Grozdanovic Z, Nakos G, Mayer B, Gossrau R
Department of Anatomy, Free University of Berlin, Germany.
Folia Histochem Cytobiol. 1995;33(1):11-8.
Results obtained with the conventional nitro blue tetrazolium salt method for the visualization of the NADPH-diaphorase (NADPH-d) activity of nitric oxide synthase (NOS) are not specific for this particular enzyme, since this activity represents only a fraction of the total cellular NADPH-d pool. Therefore, the standard NADPH-d procedure was modified by performing the incubation in the presence of formaldehyde. Parallel application of the modified NADPH-d staining technique and the indirect immunofluorescence using an antibody against the neuronal isoenzyme (nNOS) on rat, mouse and guinea-pig tissues showed a correlation between histochemical and immunocytochemical staining. It can thus be concluded that the modified NADPH-d procedure allows for a more specific detection of the histochemical nNOS activity than the conventional method.
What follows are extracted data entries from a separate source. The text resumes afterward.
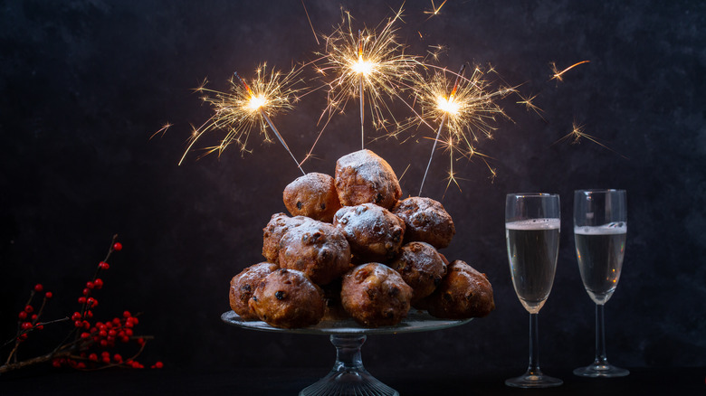 You may not have heard of oliebollen, but on New Year's Eve, this deep-fried oil ball delicacy is devoured at gatherings and parties across the Netherlands, according to Dutch Review. A doughy, oily snack food that is served warm, oliebollen is typically topped with powdered sugar, raisins, currants, cinnamon and chunks of apple. It may also be dipped in caramel or chocolate sauce. It's traditionally paired with Champagne and enjoyed while watching fireworks or attending a bonfire made out of discarded Christmas trees (via Paste magazine).
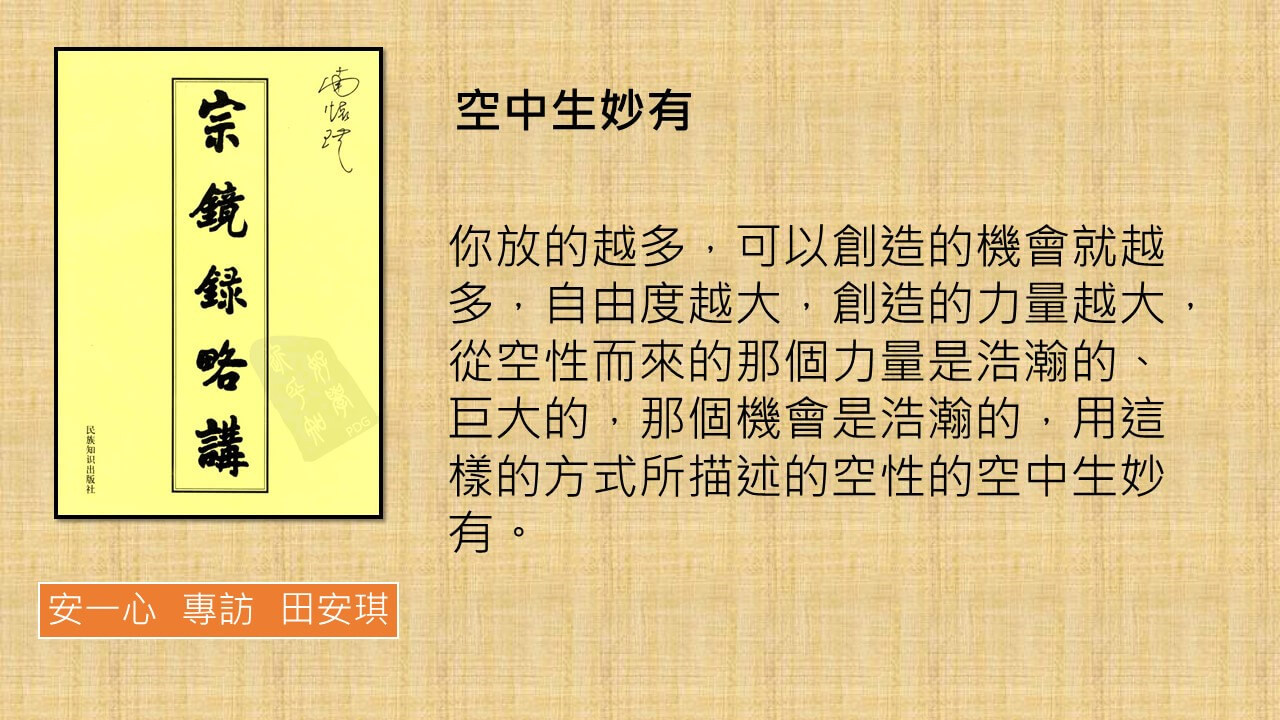 空中生妙有,講的就是,你放的越多,可以創造的機會就越多,自由度越大,創造的力量越大,從空性而來的那個力量是浩瀚的、巨大的,那個機會是浩瀚的,用這樣的方式所描述的空性的空中生妙有。
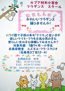 3/25(金)16:00よりケイキ・フラの体験レッスンをします。会場はユズモエ・フラ・スタジオ(北美原3丁目13-4)です。お問い合わせお待ちしています。(0138-57-9482 村木)
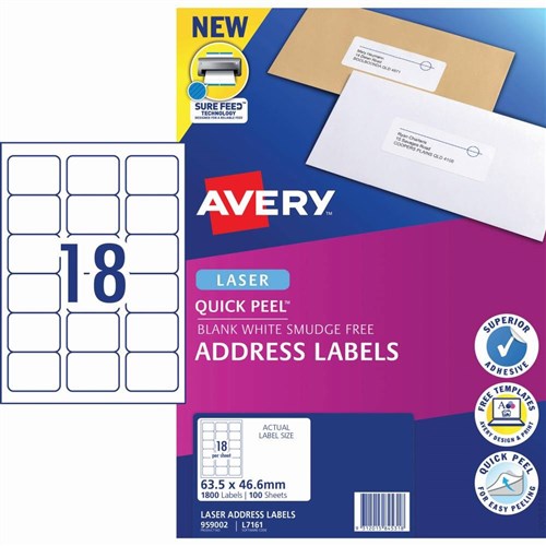 • Size: 63.5x46.6mm 1800 labels, 100 sheets. 18 labels per sheet (18UP).
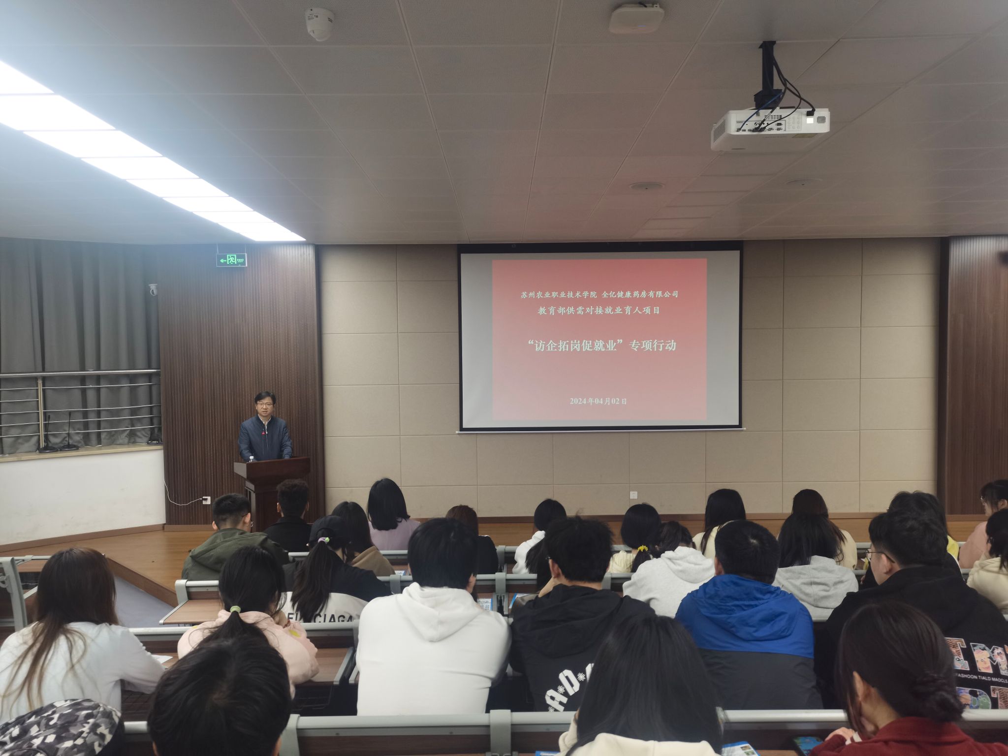 為深化產(chǎn)教融合、校企合作、工學(xué)對接,加強(qiáng)協(xié)同育人、協(xié)同創(chuàng)新、協(xié)同服務(wù),持續(xù)推進(jìn)“訪企拓崗促就業(yè)”專項(xiàng)行動,4月2日,我校食品科技學(xué)院與全億健康產(chǎn)業(yè)集團(tuán)共同開展訪企拓崗促就業(yè)活動。全億健康產(chǎn)業(yè)集團(tuán)雇主品牌部副總監(jiān)范娜女士、招聘專員趙國煜先生,我校食品科技學(xué)院院長解鵬、就業(yè)指導(dǎo)專員錢洪彬出席活動。我校藥品生產(chǎn)技術(shù)、藥品生物技術(shù)、食品藥品監(jiān)督管理、連鎖經(jīng)營管理等相關(guān)專業(yè)的近200名學(xué)生參加活動。
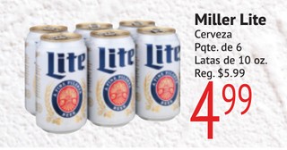 Miller lite cerveza pqte. de 6 latas de 10 oz.
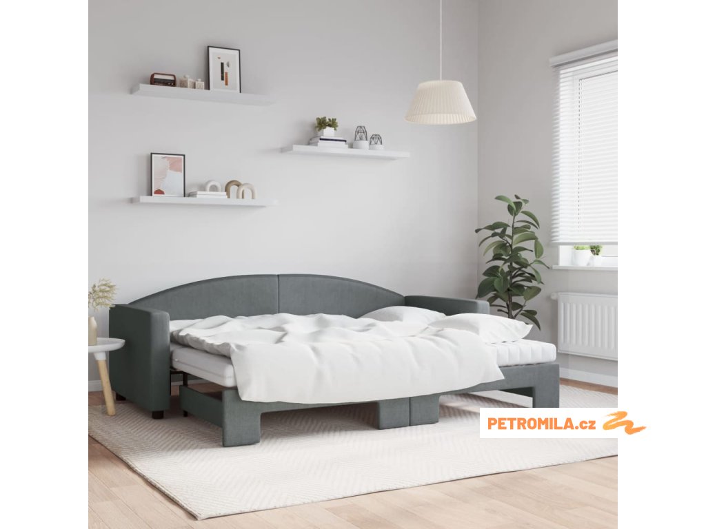 Válenda s přistýlkou a matracemi tmavě šedá 80 x 200 cm textil
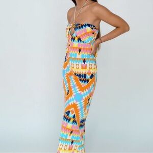Zara Multicolor Printed Geometric Halter Neck Midi Dress NWOT
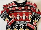 Men’s Ugly Christmas Sweater Reindeers Penguins Red Black White Festive Holiday Pre-Owned, very good condition. See photos for best representation and for measurements. Thank you for looking and supporting my small business!

用传统的硝基蓝四氮唑盐法来显示一氧化氮合酶(NOS)的NADPH-黄递酶(NADPH-d)活性所获得的结果,对于这种特定的酶来说并不具有特异性,因为这种活性仅占细胞总NADPH-d库的一小部分。因此,通过在甲醛存在的情况下进行孵育,对标准的NADPH-d程序进行了修改。在大鼠、小鼠和豚鼠组织上,将改良的NADPH-d染色技术与使用抗神经元同工酶(nNOS)抗体的间接免疫荧光法并行应用,结果显示组织化学染色和免疫细胞化学染色之间存在相关性。因此可以得出结论,与传统方法相比,改良的NADPH-d程序能够更特异性地检测组织化学nNOS活性。